▶ [WHAT THE EXERCISE ASKS] Will you write out the data exactly, excluding every picture?

▶ [SUPPLIED MATERIAL]
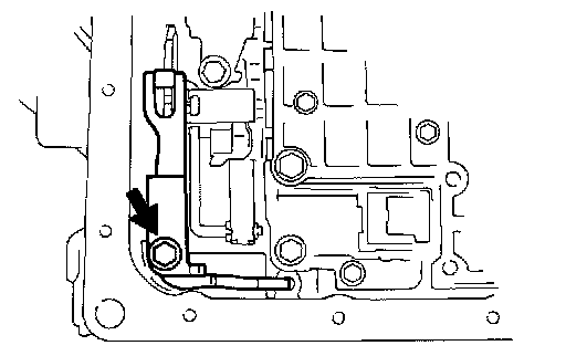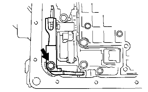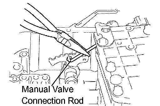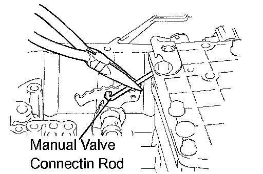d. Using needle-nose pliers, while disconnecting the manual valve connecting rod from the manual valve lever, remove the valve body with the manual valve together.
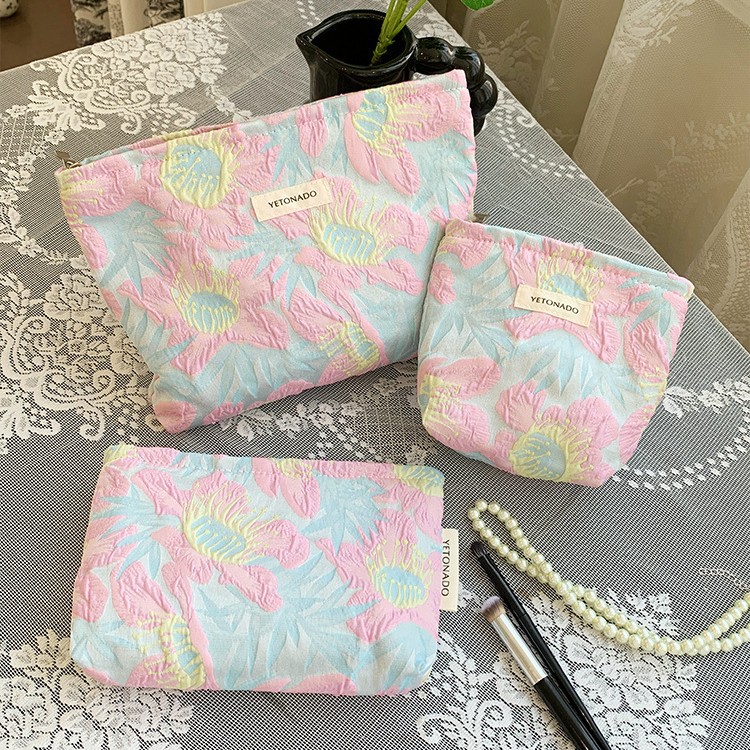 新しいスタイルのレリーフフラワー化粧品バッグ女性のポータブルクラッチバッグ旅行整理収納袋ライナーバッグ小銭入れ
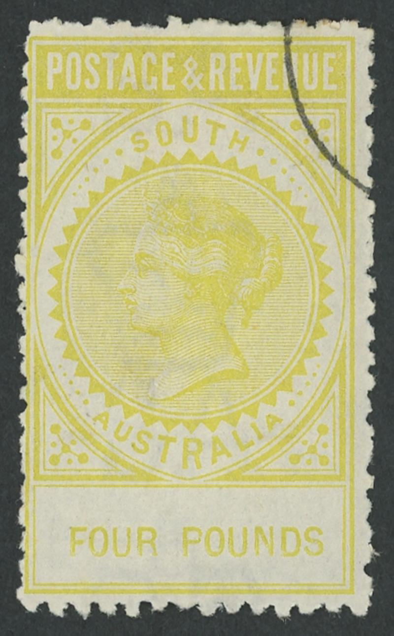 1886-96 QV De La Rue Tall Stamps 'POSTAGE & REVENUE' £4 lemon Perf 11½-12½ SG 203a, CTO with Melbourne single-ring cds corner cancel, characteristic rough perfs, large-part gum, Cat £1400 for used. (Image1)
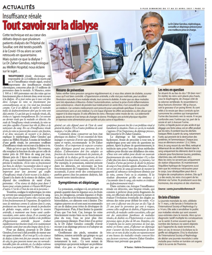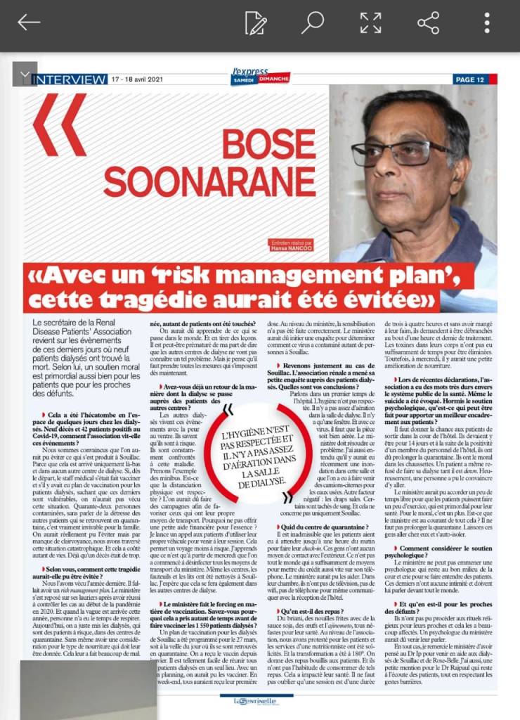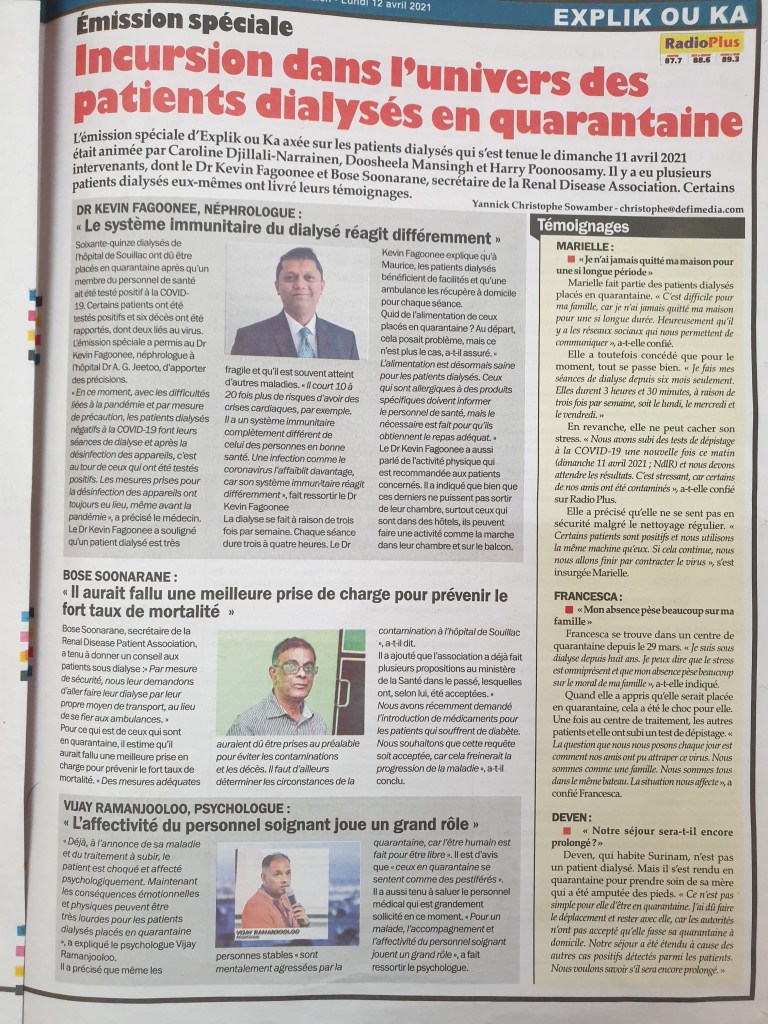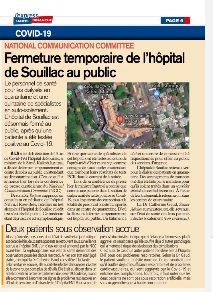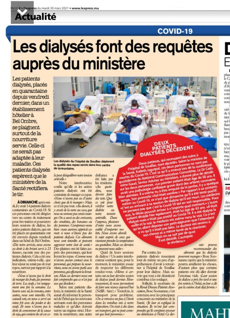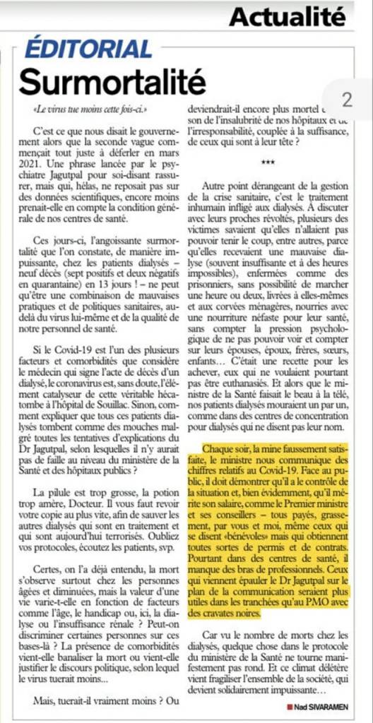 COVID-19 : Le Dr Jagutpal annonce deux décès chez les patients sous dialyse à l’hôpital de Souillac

▶ [EXERCISE RESPONSE]
d. Using needle-nose pliers, while disconnecting the manual valve connecting rod from the manual valve lever, remove the valve body with the manual valve together.
 新しいスタイルのレリーフフラワー化粧品バッグ女性のポータブルクラッチバッグ旅行整理収納袋ライナーバッグ小銭入れ
 1886-96 QV De La Rue Tall Stamps 'POSTAGE & REVENUE' £4 lemon Perf 11½-12½ SG 203a, CTO with Melbourne single-ring cds corner cancel, characteristic rough perfs, large-part gum, Cat £1400 for used. (Image1)
 COVID-19 : Le Dr Jagutpal annonce deux décès chez les patients sous dialyse à l’hôpital de Souillac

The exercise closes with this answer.